Cooler Heads Digest

by William Yeatman on December 19, 2008

in Cooler Heads Digest

In the News

Obama Nominates Climate Alarmists for Science Posts
Juliet Eilperin & Joel Achenbach, Washington Post, 19 December 2008

EPA Goes Man-Hunting
Steven Milloy, FoxNews.com, 18 December 2008

Not Evil, Just Wrong
Hannity’s America, 15 December 2008

Cooling on Global Warming
Benny Peiser, Wall Street Journal, 16 December 2008

No Rush to New Kyoto?
Chris Horner, Human Events, 16 December 2008

Obama Makes Appointments for Energy, Environment Posts
Oil and Gas Journal, 16 December 2008

Power to the People
William Yeatman & Wayne Crews, Fredericksburg Free Lance Star, 14 December 2008

News You Can Use

Chu on China

“China’s addition of 90GW of coal-fired power plants installed in 2006 alone is expected to emit over 500 million tons of CO2 per year for their 40 year lifetimes. This is (sic) compared to the entire European Union’s Kyoto reduction commitment of 300 million tons of CO2.”—From Dr. Steven Chu’s congressional testimony March 2007. President-elect Barack Obama has nominated Dr. Chu to become Secretary of Energy.

Inside the Beltway

Obama’s Energy and Environment Team

Myron Ebell

Earlier this week, CEI sent out a press release headlined, “Obama Interior, Agriculture Appointees Complete Anti-Energy Team.” I don’t know what I was thinking. President-elect Obama clearly is not finished staffing his anti-energy team.

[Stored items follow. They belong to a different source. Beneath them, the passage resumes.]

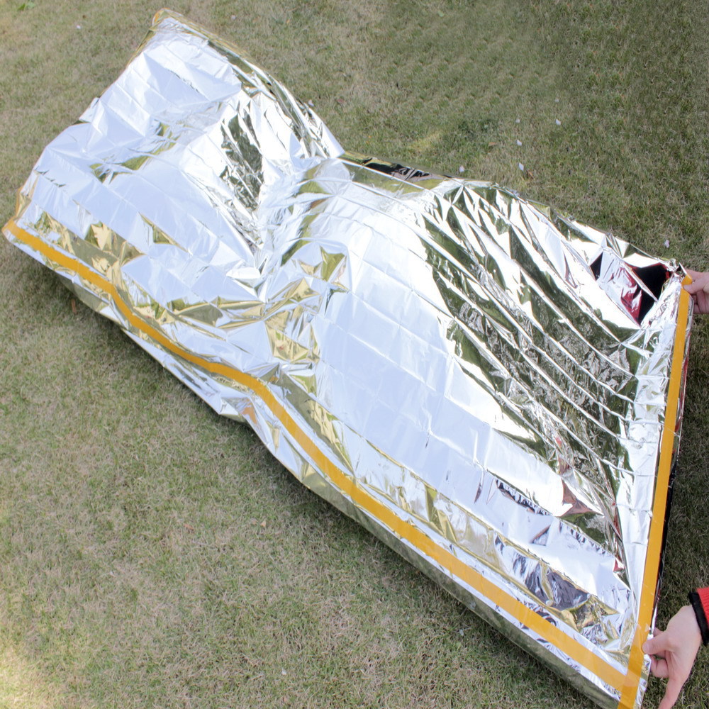 야외 비상 구급 담요 단열 및 단열 생존 담요 비상 따뜻한 실버 침낭 비상 침낭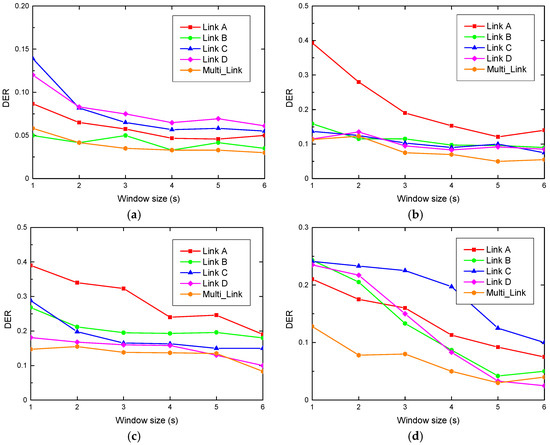 The DER in the dormitory: (a) DER with 30 s; (b) DER with 60 s; (c) DER with 90 s; (d) DER with 120 s.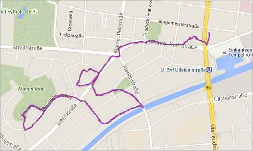 Inzwischen ist die Abenddämmerung hereingebrochen, und so streben wir zu einem Italiener am Fuß der Marienhöhe, um uns zu stärken. Aufmerksam und zügig bedient finden wir den Weg zurück zum U-Bahnhof Ullsteinstraße.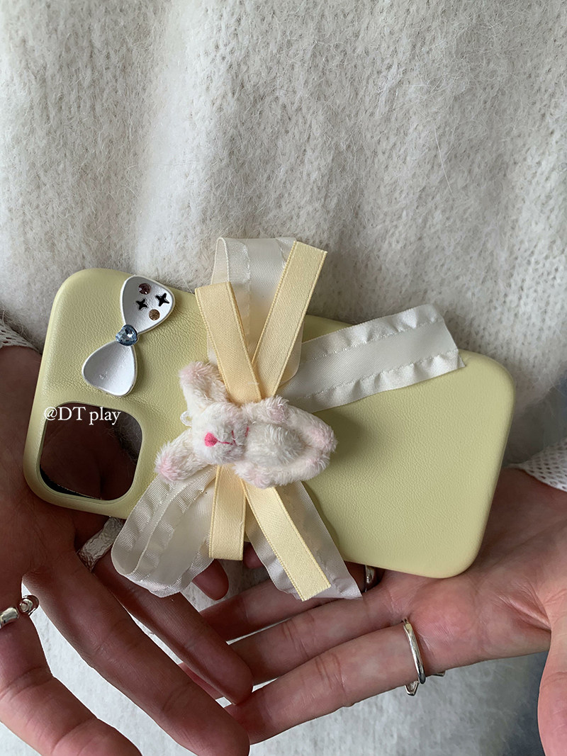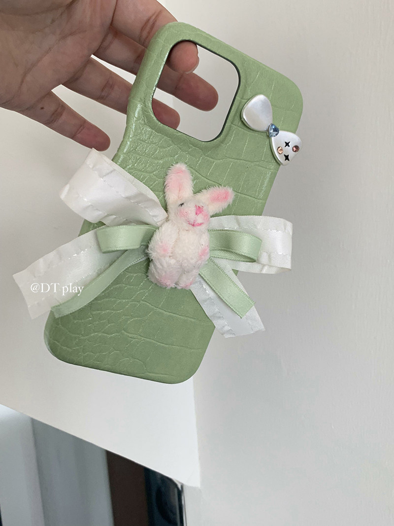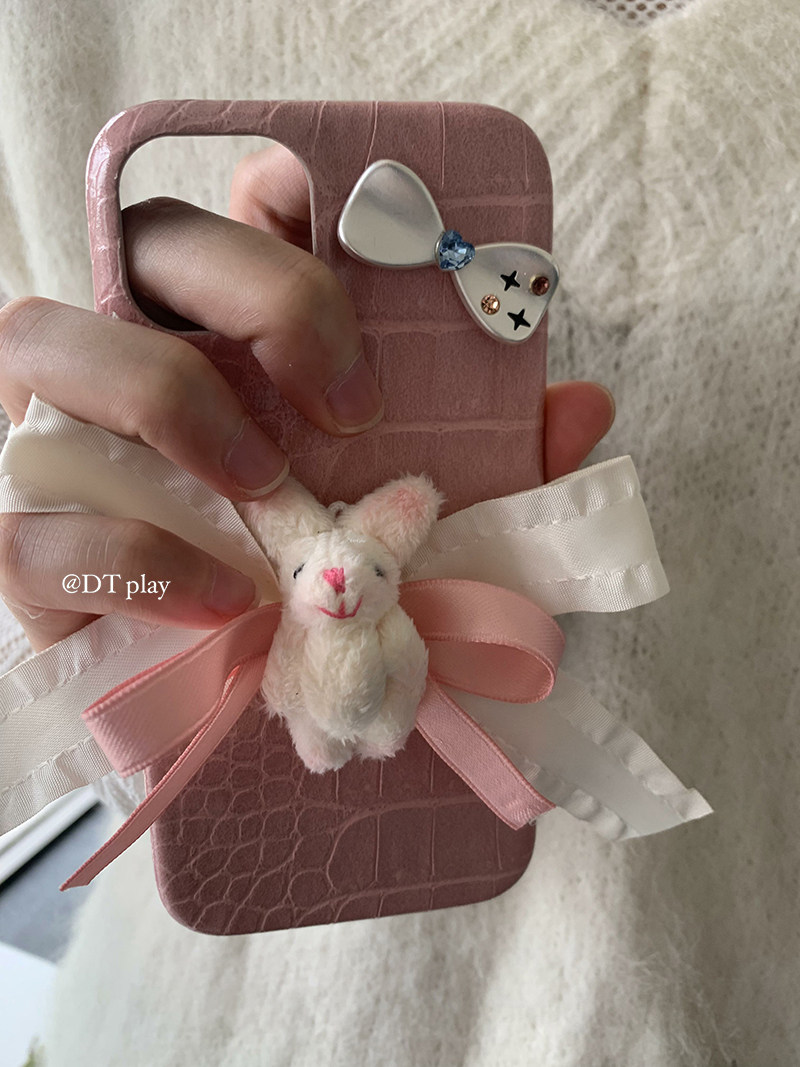 DT play 可爱兔兔 撞色皮质 韩国小众人气博主同款适用于iphone16promax苹果11/12/14/13/15手机壳保护套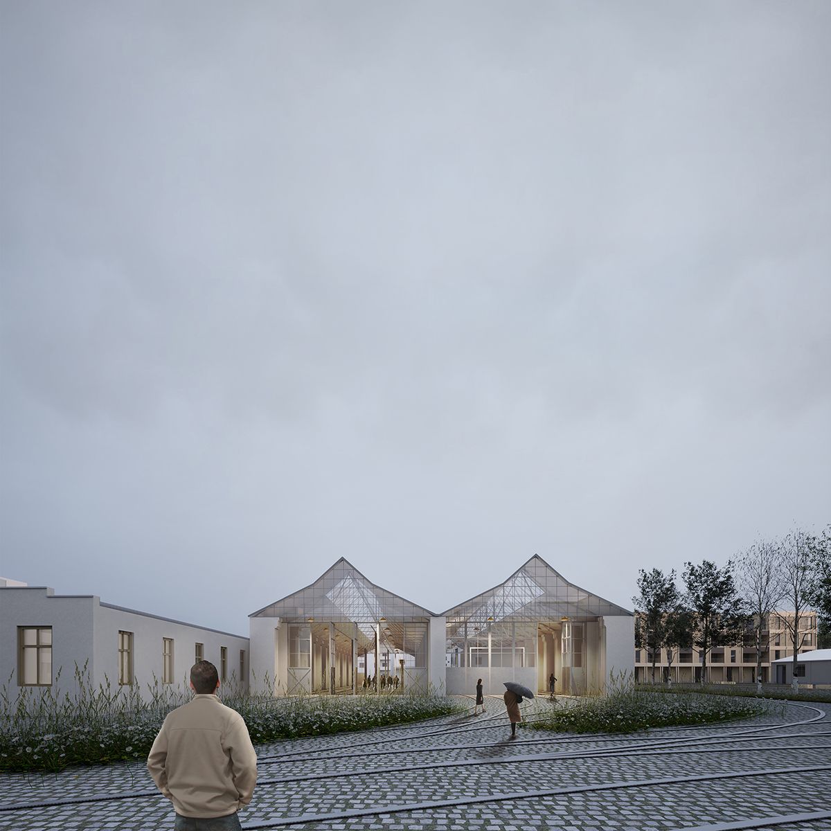 First and foremost, there is a desire to conserve existing architectural objects, some of which are already classified as Category A monuments, and subject them to restoration and repurposing. The newly proposed building is integrated into the structure of existing metal halls on the site and functions closely with them. A public garden is organized, serving as a mediating element between the urban and the natural, a flexible space capable of adapting to issues caused by floods and water fluctuations. The study and proposal follow the idea of an unpredictable, ever-changing landscape in which rain, seasons, and environmental changes shape the landscape differently. Walking paths appear and disappear beneath the water's surface, constantly projecting a new image.

Today, Obama announced that he would nominate John Holdren to be his science adviser and director of the White House Office of Science and Technology Policy and Jane Lubchenco to head the National Oceanic and Atmospheric Administration.

Dr. Holdren is a physicist who has become a radical apostle of global warming alarmism and energy-rationing policies, which Rob Bradley of the Institute for Energy Research detailed in a paper for CEI. Currently, he is Teresa and John Heinz Professor of Environmental Policy at Harvard University’s Kennedy School of Government and Director of the Woods Hole Research Center. The Woods Hole Research Center should not be confused with the Woods Hole Oceanographic Institution, although the name was chosen so that you would confuse it.  The Woods Hole Research Center is an environmental group that is tricked up to look like a scientific organization. Holdren was also a co-chairman of the self-styled National Commission on Energy Policy.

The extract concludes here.